I am a firm believer that what does not kill us makes us stronger, and the fact that I've been marching along for 43 years is my testimony that I have endured many hardships, and God willing I will survive many many more. I am learning to accept my impairment, my defect, my imperfection. I can joke about it now instead of ignoring it, hiding from it, keeping it a secret, or worse being embarrassed by it. I can stand up and say "My name is Joyce, and I am hearing aid dependent" with pride. I saw a news story about a man, Donnie Fritts, who had to have a portion of his face removed due to a tumor or he would die, and he overcame being afraid to go outside and letting the world see him how he is.
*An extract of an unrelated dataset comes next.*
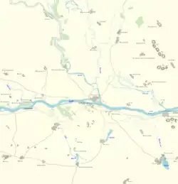 Colloredo's division took up a position at Csallóközaranyos in the Csallóköz and with its outposts occupied Szentpál, Örsújfalu (today both are parts of Komárno), and Nemesőrs, then Keszegfalva and Vízvár.[6] The connection with the right bank of the Danube was assured at Pusztalovad by the “Ceres” steamship, and at Nagylél (today part of Csallóközaranyos), a pontoon bridge was about to be constructed.[6] From Nobili's division, the Teuchert brigade occupied Ács and the Ács forest, while the Lederer brigade Herkály farm (Puszta-Herkály).[6] The Jablonowski brigade was at Pusztacsém (Csém farm); the Chizzola division at Grebic and Billeg; the Jablonski brigade at Mocsa, while the Barco cavalry brigade was camped at Ács.[6] The Russian detachment under Lieutenant General Pavel Grabbe took up positions at Hetény, Kurtakeszi, and Komáromszentpéter.[6] The besiegers started to rebuild their trenches and earthworks from the Ács forest, Csém, Herkály and Csallóköz, which were destroyed by the Hungarians after they managed to relieve the fortress in the Battle of Komárom from 26 April 1849.[6]

He is alive, and his wife Sharon is still madly in love with him, because even though part of him is gone, he's still the same person he has always been. He will be a source of inspiration to me as I suffer set backs, because no matter how badly I think I have it, I know this cross I carry is nothing compared to some. I am lucky.
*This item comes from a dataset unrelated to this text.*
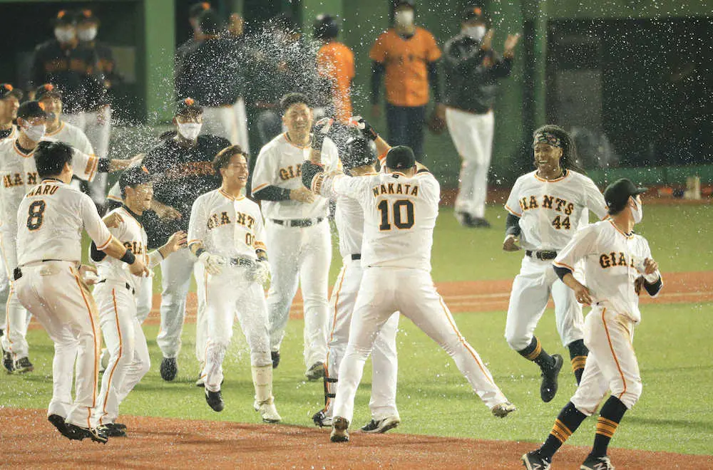 試合前時点で打率はリーグトップの・341を誇る吉川が肩甲骨の骨挫傷から1軍復帰。原監督は1番から丸、ウォーカー、吉川、岡本和、ポランコ、中島と上位打線を形成。その打線は8回までわずか3安打だったが、9回につながった。先頭のウォーカーが右前打、吉川が右前打でつなぐと、岡本和は四球をもぎとった。無死満塁となったところで、広島は好投の先発・遠藤から2番手のターリーに交代したが、1度火が付いた巨人打線の勢いは止まらない。ポランコが左前適時打でまず1点、そして中島がカウント1ストライクからの2球目、真ん中に来たチェンジアップを振りぬいた打球は左中間を深々と破った。2者生還。プロ20年目の中島にとって通算8度目のサヨナラ打で、巨人移籍後は初となる逆転サヨナラ打を左中間へ放った。

I will pick up my ear today, and hopefully it will work and I will be temporarily restored until the next time. My ears are a small part of me as a whole, and those who really matter to me know that. Being impaired has taught me compassion, patience, understanding, it has shown me that I need to reach out to those who feel they are defective and let them know how wonderful they are. I hate to break it to ya, but everyone is flawed in some way, even those who preach perfection. We all have something wrong with us, but who cares? How boring would life be if we were all these immaculate automatons marching thru life in the same shoes? How would we learn humility, empathy, or sympathy? I will accept you, flawed and vulnerable, as I hope you will do me. (sorry, I had a "that's what she said" moment over the last part of that sentence. i'm flawed, remember?)
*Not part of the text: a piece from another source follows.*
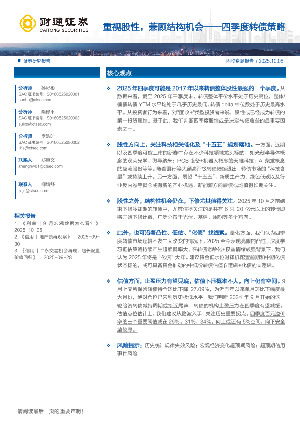 【财通证券】【202510】重视股性,兼顾结构机会——四季度转债策略-16页

So maybe I have found an objective, a goal, a cause to defend. Maybe I need to fight for other hearing impaired individuals, that we are treated fairly, and work at getting hearing aids covered by insurance, because for a great many of us, they are a necessity. Maybe this experience is prompting me to learn sign language, something I've always wanted to do anyway. And maybe, growing up good friends with a girl whose sister wore hearing aids practically from birth was a sign of things to come. You do what you gotta do to get thru each day, and with any luck you will touch someone else's life along the way and change it. I think the hearer's need an awakening. And I'm gonna make them hear me loud and clear. My ears are defective, my hearing is impaired; I however, am not.